By beancounter (registered) | Posted July 02, 2018 at 11:56:29
Human Rights for All – No Exceptions: a cause for which many have fought and even died. No doubt Amnesty International has been an important part of this struggle. Its annual report for 2017/2018 shows the high price paid by those who supported it: “Hundreds of activists were killed last year as authorities sought to silence campaigners and muzzle the media”.
Yet I have to ask whether there isn’t a glaring exception among those groups for whom Amnesty is fighting. It is arguably the most vulnerable and most marginalized group of all. It consists of the unborn children living in some of the most dangerous places on earth: their mothers’ wombs. These mothers (and other women) are raising their voices and saying these are our bodies and governments have no rights to force women to continue their pregnancies.

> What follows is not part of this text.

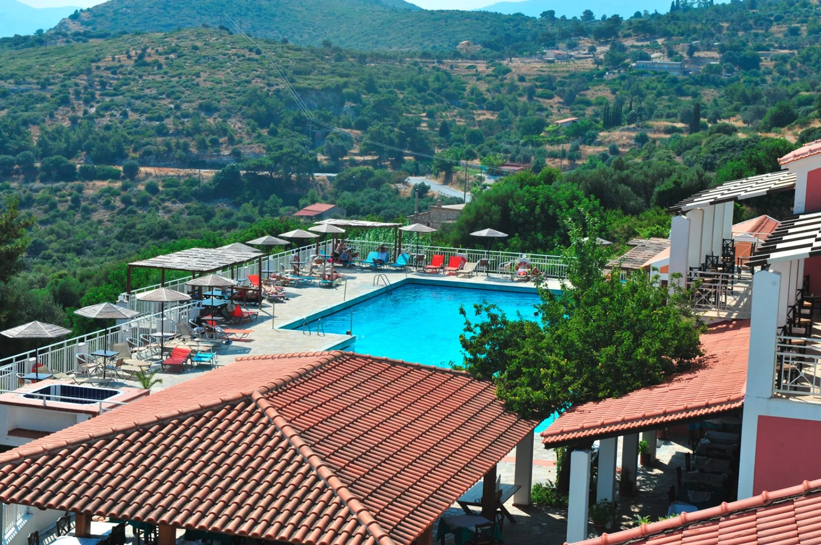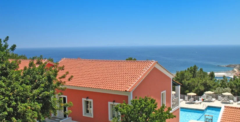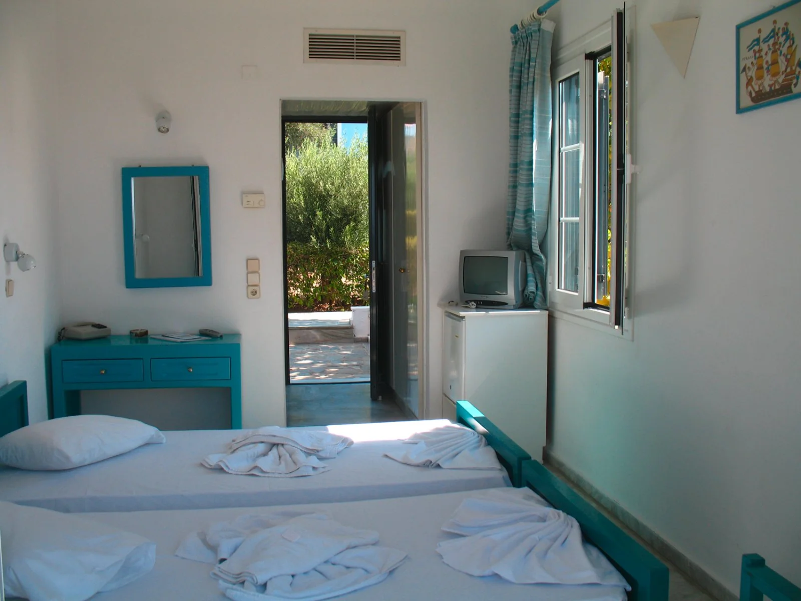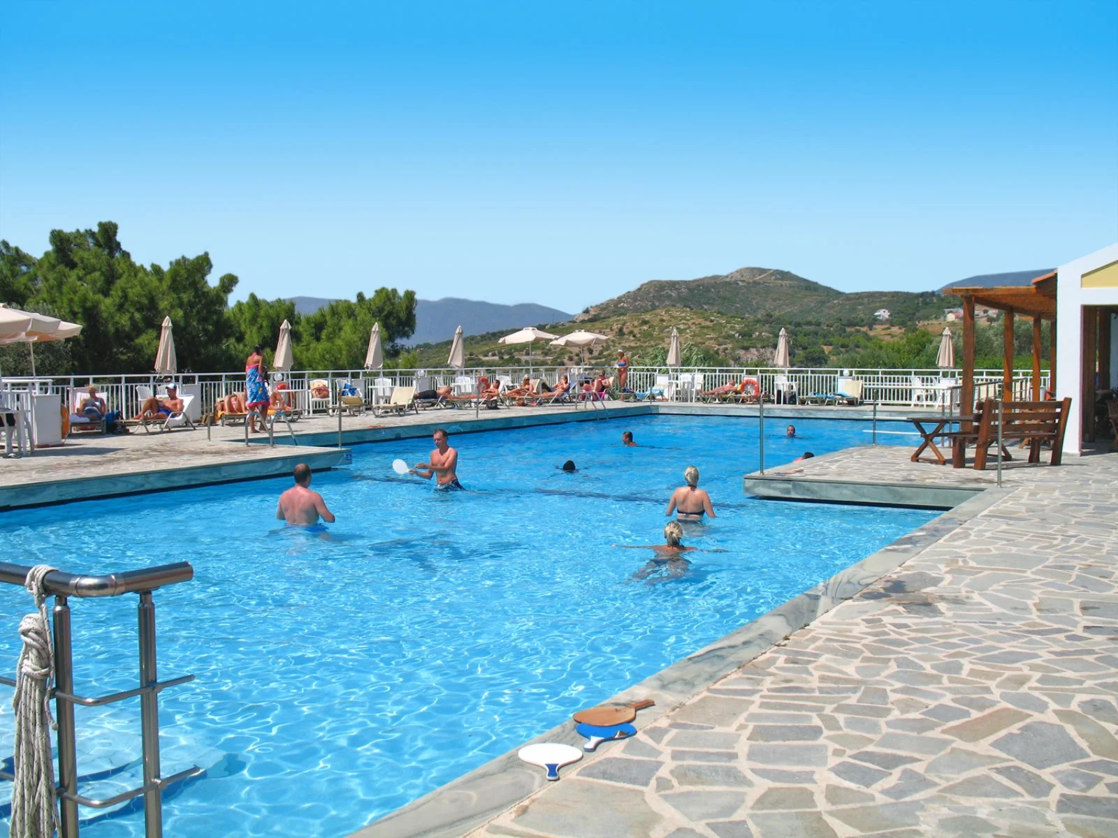 L'hotel Mykali è costruito con gusto e stile tradizionale, con camere non ampissime ma funzionali e dislocate in tante colorate palazzine. La relativa distanza dalla spiaggia (la baietta più vicina è a 800 m) è compensata dalla grande piscina che gode di splendida vista panoramica sull’Egeo e sulla Turchia. La

But the children cannot speak out, so who speaks on their behalf? Apparently not Amnesty International. In a report on the work of a Citizen’s Assembly which called for legalization of abortion in Ireland, Amnesty International Ireland’s Executive Director said that one of the Assembly’s key documents “ unhelpfully includes wording on ‘rights of the unborn’ “ Sure, many women have died or been injured through “unsafe” abortions and it is impossible to imagine the anguish and revulsion experienced by a woman who is pregnant as the result of rape. But do we not need to weigh these terrible hardships against, for instance, the tens of millions of deaths resulting from just the Roe v Wade decision? Yes, human rights belong to every person regardless of ethnicity, etc., including status. Let’s add one more status to protect, that of being alive but not yet born. Some people would refer to this status as a blob of tissue, but some quick research will demonstrate the rapid progress in even the first trimester towards a fully-viable human being able to live on his or her own. Feminists will recall that women were not considered persons in Canada until 1929. I look forward to the day when our unborn children will also be recognized as persons, deemed worthy of protection by virtue of their rights as human beings. No more stolen sisters and no more stolen brothers either!